■ WORK ITEM
Return the full listing word for word, but drop every picture from it.

■ DATA EXTRACT
=== Begin Enclosure ===
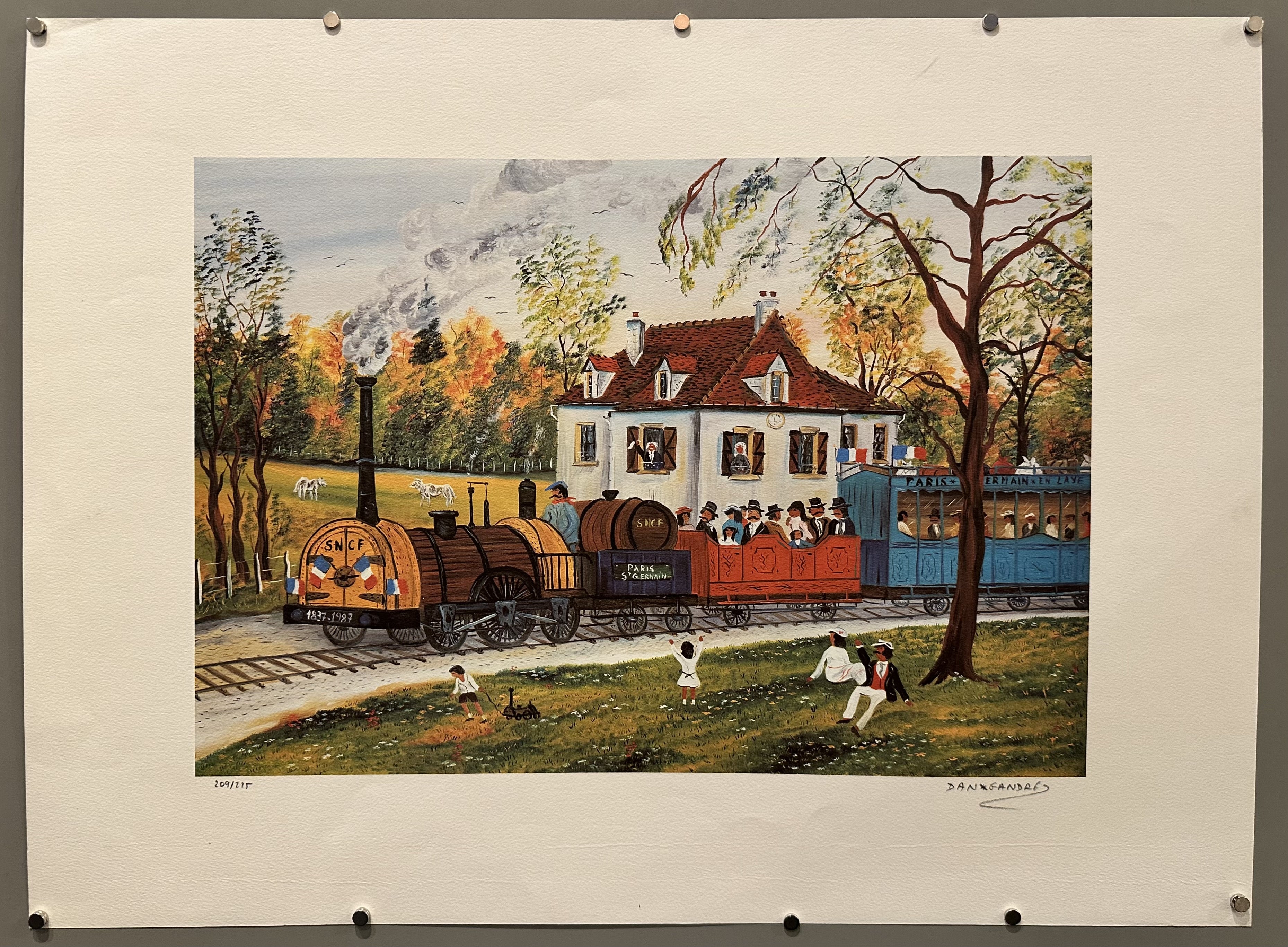 A signed copy (#209 out of 215 copies) of 'Le train Paris / St Germain' by French painter Dan Gandre.
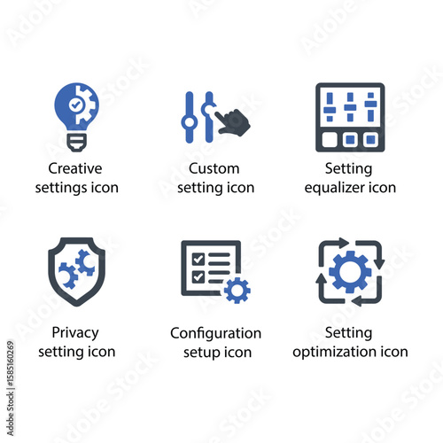 Creative settings, Custom setting, Set equalizer, Privacy setting, Setup, Setting optimization, icon
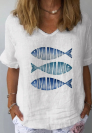0 Review for Stylish Loose-fit Printed Womens Short-sleeve Top
=== End Enclosure ===
■ ANSWER SPACE
 A signed copy (#209 out of 215 copies) of 'Le train Paris / St Germain' by French painter Dan Gandre.
 Creative settings, Custom setting, Set equalizer, Privacy setting, Setup, Setting optimization, icon
0 Review for Stylish Loose-fit Printed Womens Short-sleeve Top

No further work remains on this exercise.